Muscle invasive bladder cancer is a serious clinical problem and is fatal for the majority of patients. Alternative treatments for this condition are radical cystectomy or radical radiotherapy. The choice of treatment varies according to the resident country. The ideal treatment would be a bladder preserving therapy with total eradication of the tumour without compromising survival.

Objectives: 

The objective of this review was to compare the overall survival after radical surgery (cystectomy) versus radical radiotherapy in patients with muscle invasive cancer.

Search strategy: 

We searched the Cochrane Controlled Trials Register (July 2001), MEDLINE (July 2001), EMBASE (July 2001), CancerLIT (July 2001), Healthstar (July 2001) and the Database of Abstracts of Reviews of Effectiveness (July 2001). Attempts to contact authors of unpublished data were undertaken.

Selection criteria: 

Randomised trials comparing surgery versus radiotherapy were eligible for assessment.

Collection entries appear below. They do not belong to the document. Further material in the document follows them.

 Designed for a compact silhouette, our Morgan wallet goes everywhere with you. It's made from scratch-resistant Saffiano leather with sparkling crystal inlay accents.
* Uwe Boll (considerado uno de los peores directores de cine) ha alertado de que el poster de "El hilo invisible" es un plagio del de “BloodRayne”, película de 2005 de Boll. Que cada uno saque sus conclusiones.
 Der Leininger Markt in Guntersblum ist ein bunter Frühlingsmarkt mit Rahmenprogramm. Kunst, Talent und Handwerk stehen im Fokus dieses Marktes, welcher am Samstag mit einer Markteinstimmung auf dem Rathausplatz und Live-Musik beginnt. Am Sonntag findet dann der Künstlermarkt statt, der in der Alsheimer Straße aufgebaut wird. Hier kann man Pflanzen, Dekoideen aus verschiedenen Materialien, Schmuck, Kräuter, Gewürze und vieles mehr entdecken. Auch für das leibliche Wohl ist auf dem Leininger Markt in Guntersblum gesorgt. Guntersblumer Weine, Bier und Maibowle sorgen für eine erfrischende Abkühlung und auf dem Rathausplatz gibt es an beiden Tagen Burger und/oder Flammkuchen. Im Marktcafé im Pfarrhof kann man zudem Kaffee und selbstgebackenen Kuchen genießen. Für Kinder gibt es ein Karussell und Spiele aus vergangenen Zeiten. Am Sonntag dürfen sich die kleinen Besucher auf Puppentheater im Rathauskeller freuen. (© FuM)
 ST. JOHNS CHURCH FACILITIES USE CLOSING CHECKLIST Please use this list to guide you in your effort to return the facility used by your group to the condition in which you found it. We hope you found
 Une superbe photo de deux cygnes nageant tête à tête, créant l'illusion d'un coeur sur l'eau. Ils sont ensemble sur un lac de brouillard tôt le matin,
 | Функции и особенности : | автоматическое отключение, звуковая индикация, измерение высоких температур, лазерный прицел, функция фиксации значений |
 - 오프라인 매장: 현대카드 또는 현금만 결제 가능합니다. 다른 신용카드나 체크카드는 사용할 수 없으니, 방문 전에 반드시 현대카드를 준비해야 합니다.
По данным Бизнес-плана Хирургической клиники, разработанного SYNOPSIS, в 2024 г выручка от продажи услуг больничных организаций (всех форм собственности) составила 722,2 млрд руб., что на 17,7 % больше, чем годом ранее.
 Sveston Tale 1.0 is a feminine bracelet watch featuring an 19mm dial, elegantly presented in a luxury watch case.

Data collection and analysis: 

Three reviewers assessed trial quality based on the Cochrane Guidelines. Data were extracted from the text of the article or extrapolated from the Kaplan-Meier plot. The Peto odds ratio was determined to compare the overall survival and disease-specific survival. Analysis was performed on an intention-to-treat basis and treatment actually received.

Main results: 

Three randomised trials comparing pre-operative radiotherapy followed by radical cystectomy (surgery) versus radical radiotherapy with salvage cystectomy (radical radiotherapy) were eligible for assessment. These trials represented a total of 439 patients, 221 randomised to surgery and 218 to radical radiotherapy. Three trials were combined for the overall survival results and one for the disease-specific analysis (Bloom 1982).

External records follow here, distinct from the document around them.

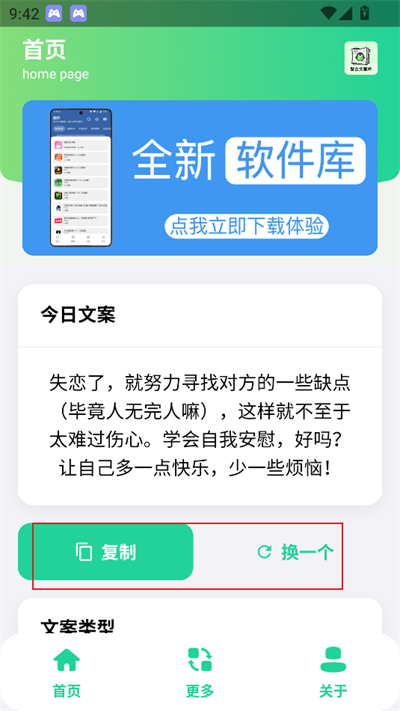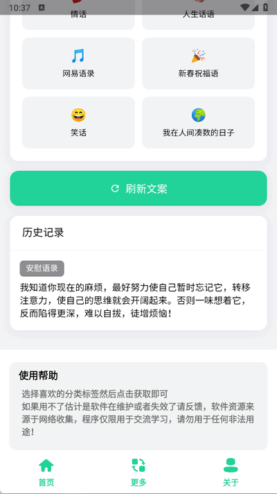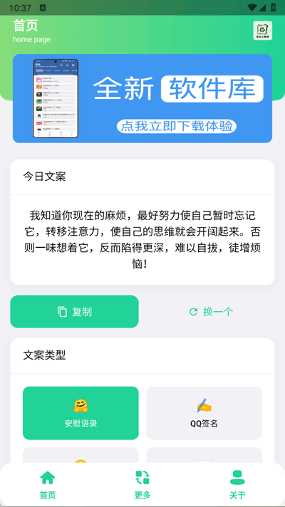 聚合文案库app不仅是一款工具,更是每一位文字工作者的得力助手。它用丰富的文案资源和智能化的推荐系统,为用户的创意之路铺平道路,让每一句话都充满力量。无论你是专业文案还是业余爱好者,文案库都能帮助你激发灵感,提升文案质量,让你的作品在众多信息中脱颖而出。
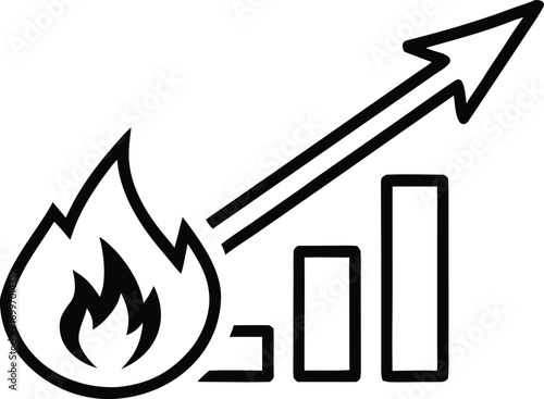 Single black arrow growing pointing up on chart graph. Bars icon, success graph trending upwards, interface infographic element for app and web button. Vector illustration eps 10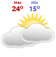 El tiempo en el día de hoy en Antequera sera nuboso con algunas apariciones del sol a lo largo de la jornada, la temperatura será de un máximo de 24º y un mínimo de 15º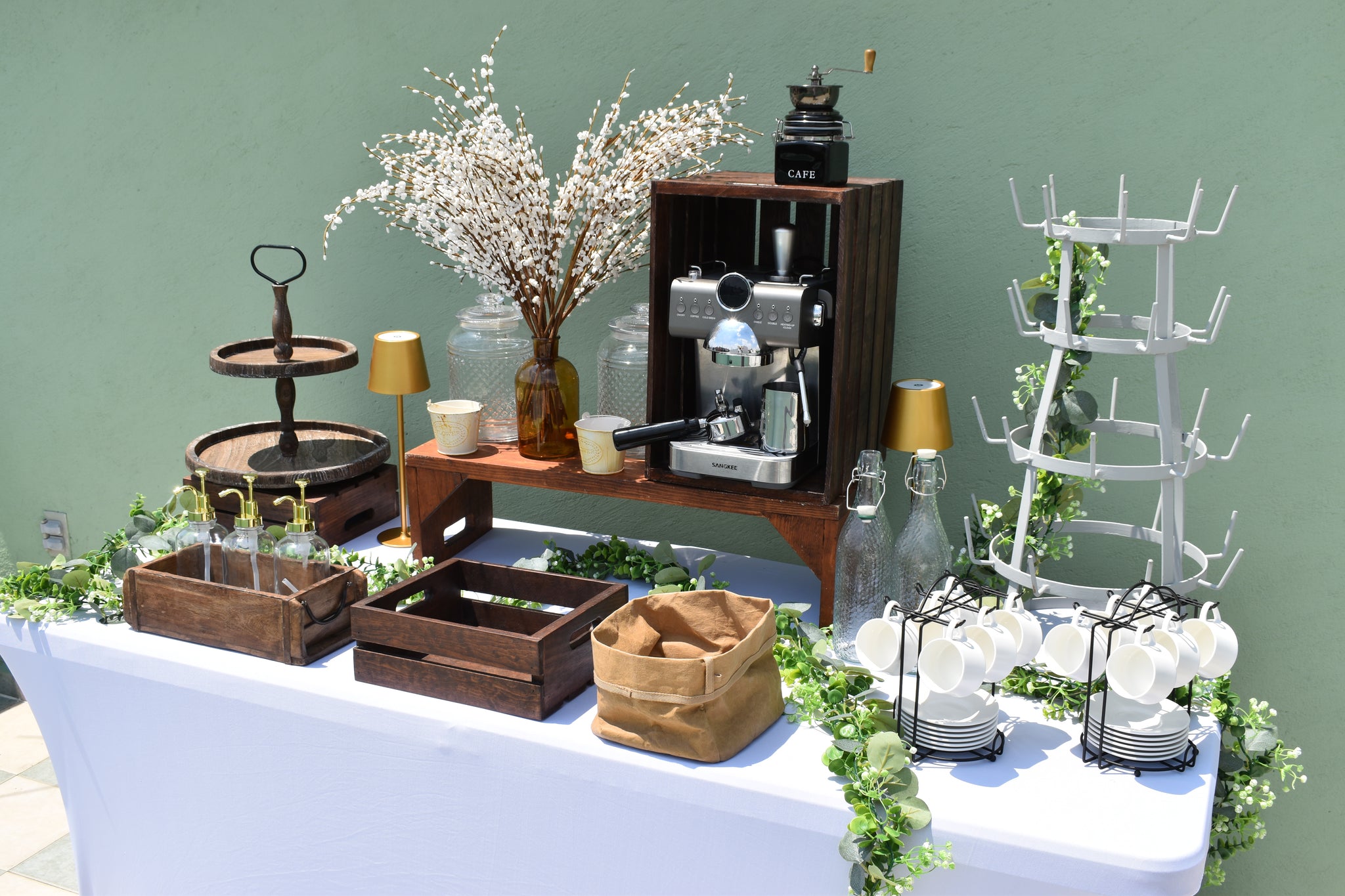 Alquila con nosotros el equipo necesario para establecer una elegante estación de servicio donde tus invitados disfrutarán de café, chocolate caliente, té, bocadillos, pan dulce o galletas.
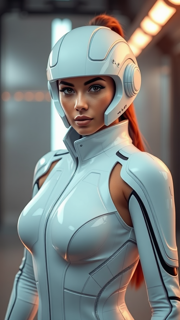 Hyperrealistic image, commercial-style photography, futuristic female figure in a sleek white sci-fi suit, sophisticated studio lighting, ultra-high-definition 8k resolution, incredibly detailed and precise fine details, expert color grading, portrait orientation, version 4.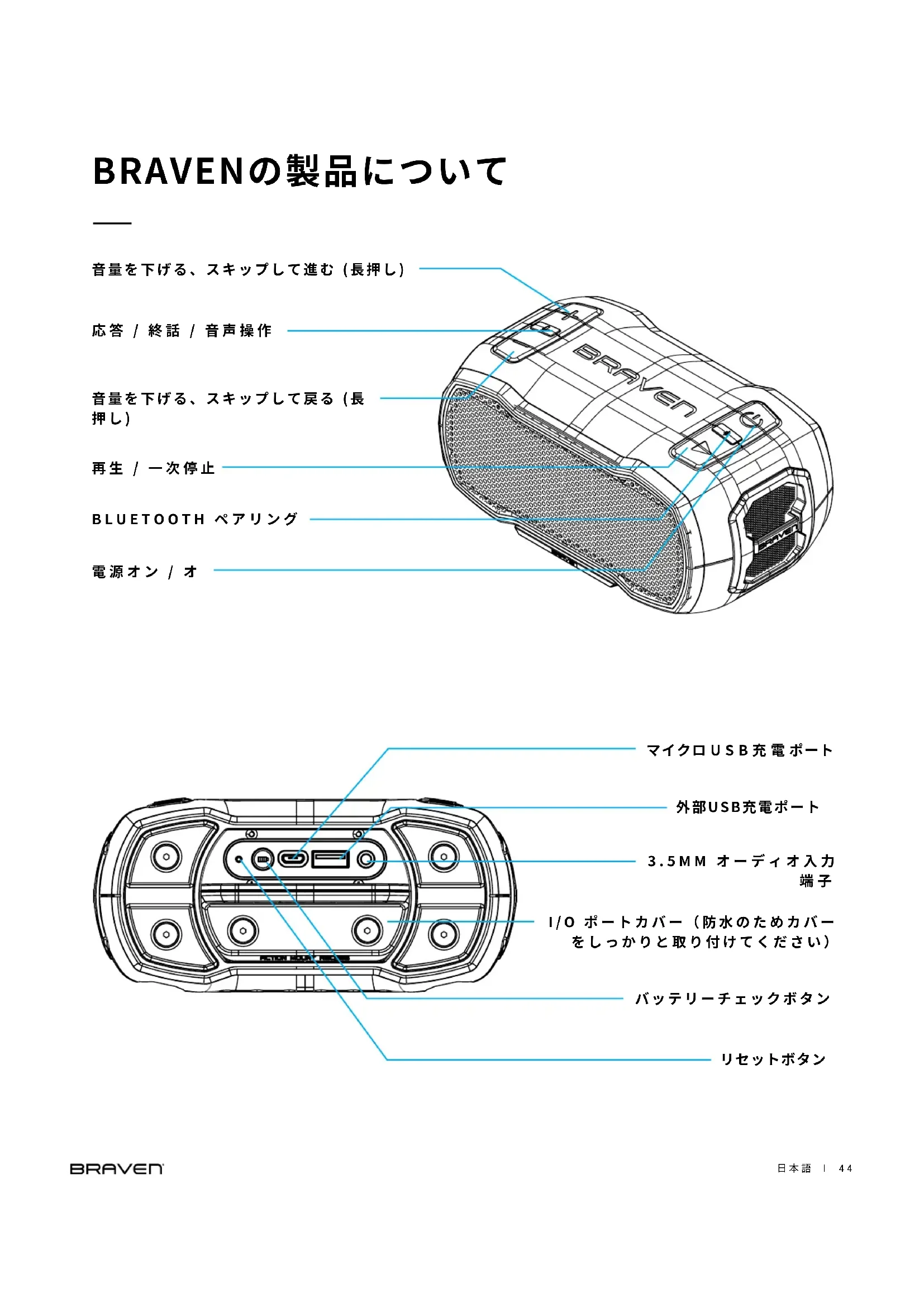 ーディオキューが聞こえるまで、2-3秒間 Bluetooth ボタンを長押ししてください。二番目の端末 の Bluetooth 設定を開き、「BRAVEN READY SOLO」を選んでペアリングを完了してください。 BRAVEN は、最後にペアリングを行った8件の端末を保存しています。 注意 : BRAVEN 端末の電源を入れたままで、Bluetooth® の操作が30分間行われなかった場合、自動的に 電源が切れます。BRAVEN の電源を入れるには、オーディオキューが聞こえるまで、2-3秒間電源ボタンを長

The mean overall survival (intention-to-treat analysis) at 3 and 5 years were 45% and 36% for surgery, and 28% and 20% for radiotherapy, respectively. Peto odds ratio (95% confidence interval) analysis consistently favoured surgery in terms of overall survival. The results were significantly in favour of surgery at 3 years (OR = 1.91, 95% CI 1.30 to 2.82) and at 5 years (OR = 1.85 95% CI 1.22 to 2.82).

On a 'treatment received' basis, the results were significantly in favour of surgery at 3 (OR = 1.84, 95% CI 1.17 to 2.90) and 5 years (OR = 2.17, 95% CI 1.39 to 3.38) for overall survival and at 3 years (OR = 1.96, 95% CI 1.06 to 3.65) for disease-specific survival.